The accessibility of PHP also means that the PHP community is composed of programmers from a very diverse blend of backgrounds, many of them self taught. Such programmers sometimes miss out on some of the finer points of programming that can be learned through academic training. Next to object oriented programming, normalization of relational data structures and refactoring, recursion is one of the topics in computer science most often overlooked by the self-taught PHP programmer. This article is an attempt to help redress this situation.
Introduction
In a recent survey I conducted (http://forums.dreamincode.net/index.php?showtopic=9158&hl=recursion), nearly half the PHP programmers I polled didn't really know what recursion was or how to use it. In this article, we will define recursion, contrast it with iteration, and step through two examples: factorials and file system traversal. We will also look at more advanced implications, such as the use of global variables and depth versus breadth traversal. Finally, we will clarify when it is most appropriate to use recursion and when iteration will suffice.
This article is aimed at novice to intermediate PHP programmers, particularly those without a formal background in computer science, who want to understand the full power of recursion.
Recursion Defined: When A Function Calls A Function
(To be sung to the tune of "When the Moon Hits Your Eye":) "When a function calls a function in a Turing machine ... that's recu-u-u-u-ursion!"

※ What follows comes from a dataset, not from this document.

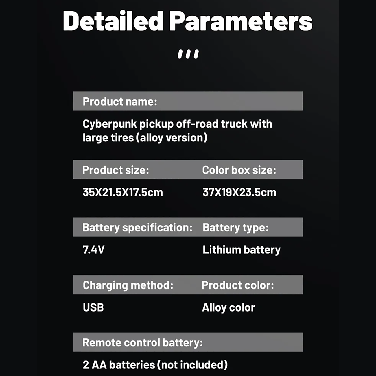 JJJRC-Q202 Cyberpunk Pickup Truck Off-Road Monster Vehicle (Alloy Version)

Your first question is probably, "What's this 'Turing machine' thing doing in place of the usual lyrics, 'big pizza pie'?" Don't worry about it. The short answer is to just consider that the PHP runtime environment is a Turing-complete environment - and we all know that the PHP runtime environment is almost as near and dear to a programmer's heart as pizza.
To put it simply: recursion means anything that references itself. In computer science, we mostly talk about recursive functions - functions that call themselves. We will get into some examples momentarily.
Iteration
You are probably familiar with the two most popular iterative constructs in PHP:
for and while. Here are two examples of iterating over an
array:
<?php
for ($i = 0; $i < sizeof($array); $i++) {
print $array[$i];
}
?>
<?php
$i = 0;
while ($i < sizeof($array)) {
print $array[$i];
$i++;
}
?>
Both examples print out all the elements of a one-dimensional array. Both examples are iterative.

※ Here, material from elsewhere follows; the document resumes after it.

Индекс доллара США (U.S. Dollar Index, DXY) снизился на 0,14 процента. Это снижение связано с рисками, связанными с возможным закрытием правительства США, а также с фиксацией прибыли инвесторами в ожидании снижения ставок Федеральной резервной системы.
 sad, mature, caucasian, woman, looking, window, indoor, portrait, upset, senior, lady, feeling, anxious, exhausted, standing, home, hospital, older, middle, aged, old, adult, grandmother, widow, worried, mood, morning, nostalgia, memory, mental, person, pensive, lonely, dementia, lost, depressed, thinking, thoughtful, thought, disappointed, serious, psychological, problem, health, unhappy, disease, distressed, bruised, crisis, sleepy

Simply put, iteration is doing something inside a loop. If you have never heard of recursion, you probably never realized that there is an alternative approach. This is because it is relatively easy to solve simple problems using loops. Recursion, on the other hand, seems to involve a shift in thinking for some programmers. The shift is well worth it, however, since some problems can be solved more elegantly using recursion.
Recursion in Context
Some languages are designed with recursion in mind. A classic example is LISP. Most of a LISP programmer's life is spent writing recursive functions that traverse linked-list data structures. The language itself is tuned for recursion, so that recursive functions execute very quickly and efficiently.
PHP, by contrast, chooses to focus on iteration to do most of its heavy lifting. This is probably because it draws on the heritage of C and (increasingly) Java, which do the same. None the less, recursion is not only possible in these languages - sometimes it is desirable.
A Recursive Example: Factorials
Mathematically speaking, a factorial (denoted by "!") is the result of a number multiplied by all positive integers less than that number. Non-integer and negative values are considered undefined. Zero factorial (0!), however, is defined as 1.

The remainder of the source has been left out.